MATERIAL AND METHODS

The study comprised a retrospective analysis of prospectively collected data on 313 consecutive subjects referred for endoscopy, pH-metry, and esophageal manometry. The patients were divided into four groups: Group I (n=92), subjects without GERD with normal pH-metry, without esophagitis and without reflux symptoms; Group II (n=111), patients with NERD (no esophagitis, abnormal pH-metry); Group III (n=77), patients with mild to moderate ERD (LA A, B; abnormal pH-metry); Group IV (n=33), patients with severe or complicated esophagitis (LA C, D; Barrett's esophagus). All data are expressed as medians with 5th-95th percentiles.

RESULTS

No difference was found in the amount of acid reflux between patients with mild to moderate ERD and those with NERD. The DeMeester score was 34.5 (17-105) in NERD patients and 31.6 (15-102) in ERD patients.
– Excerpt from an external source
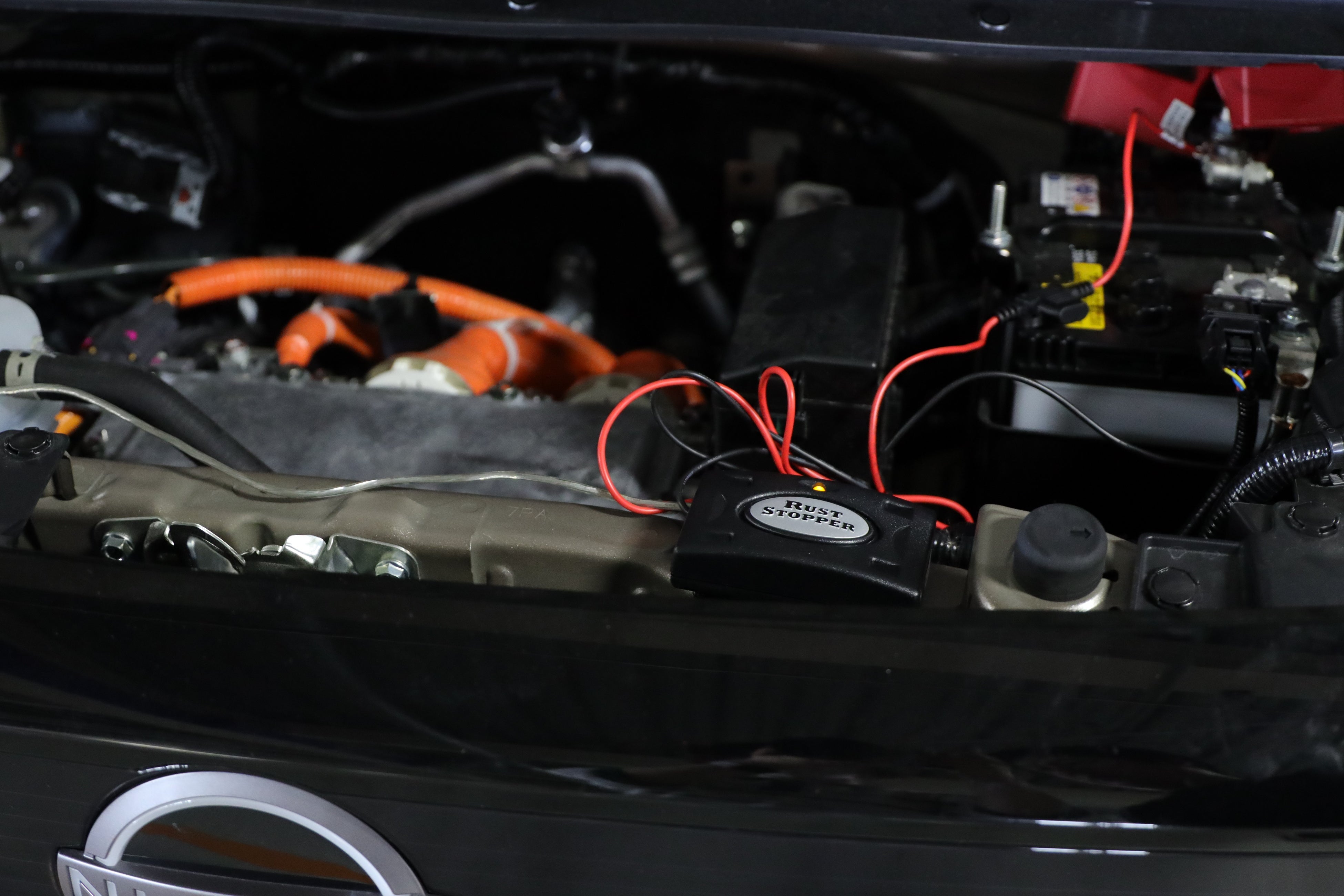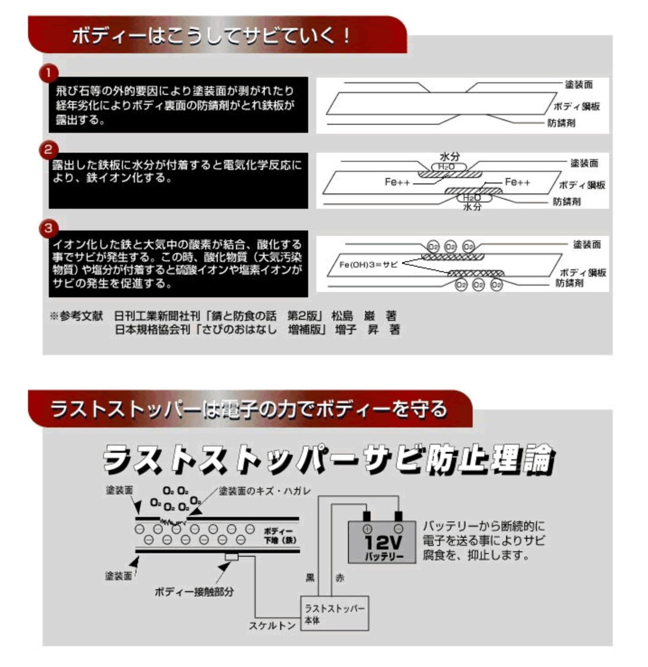 「ラストストッパー」では「電子防食法」の原理を応用し、車載バッテリーから得られた電子をボディ全体に流すことによって「鉄イオン化」を防ぎ、サビの発生を抑止します。

No significant differences were found between NERD and ERD patients regarding lower esophageal sphincter (LES) basal pressure (11.6 mmHg; 3-25 in NERD versus 10.7 mmHg; 3-22 in ERD). Similar proportions of patients with NERD and ERD had low LES basal pressure (20.7% in NERD versus 24.7% in ERD; NS) and hiatus hernia (44% and 56%; NS). A relatively high proportion of patients without GERD (Group I) had ineffective esophageal motility (39%) and hiatus hernia (30%).

CONCLUSIONS

No difference was found between NERD and mild to moderate ERD in terms of acid exposure time and esophageal motor abnormalities. To a certain extent, ERD is a "more complicated" form of the disease. Host factors related to a particular patient (e.g. mucosal defense, genetics, acid clearance) might be responsible for the development of esophagitis.

摘要

目的

研究与非糜烂性反流病(NERD)相比,伴有轻至中度糜烂性食管炎(ERD)的胃食管反流病(GERD)在酸反流量、运动功能异常以及是否存在食管裂孔疝方面是否为更严重的疾病。

材料与方法

本研究对前瞻性收集的313例连续接受内镜检查、pH监测和食管测压的患者数据进行回顾性分析。患者分为四组:第一组(n = 92),pH监测正常、无食管炎且无反流症状的无GERD患者;第二组(n = 111),NERD患者(无食管炎,pH监测异常);第三组(n = 77),轻至中度ERD患者(洛杉矶分级A、B级;pH监测异常);第四组(n = 33),重度或复杂性食管炎患者(洛杉矶分级C、D级;巴雷特食管)。所有数据均以第5至95百分位数的中位数表示。

结果

轻至中度ERD患者与NERD患者在酸反流量方面未发现差异。NERD患者的DeMeester评分为34.5(17 - 105),ERD患者为31.6(15 - 102)。NERD和ERD患者在食管下括约肌(LES)基础压力方面未发现显著差异(NERD为11.6 mmHg;3 - 25,ERD为10.7 mmHg;3 - 22)。NERD和ERD患者中LES基础压力低的比例相似(NERD为20.7%,ERD为24.7%;无统计学差异),食管裂孔疝的比例也相似(分别为44%和56%;无统计学差异)。无GERD的患者(第一组)中,食管运动功能无效的比例相对较高(39%),食管裂孔疝的比例也较高(30%)。

结论

NERD与轻至中度ERD在酸暴露时间和食管运动功能异常方面未发现差异。在一定程度上,ERD是该疾病的一种“更复杂”形式。与特定患者相关的宿主因素(如黏膜防御、遗传学、酸清除)可能是食管炎发生的原因。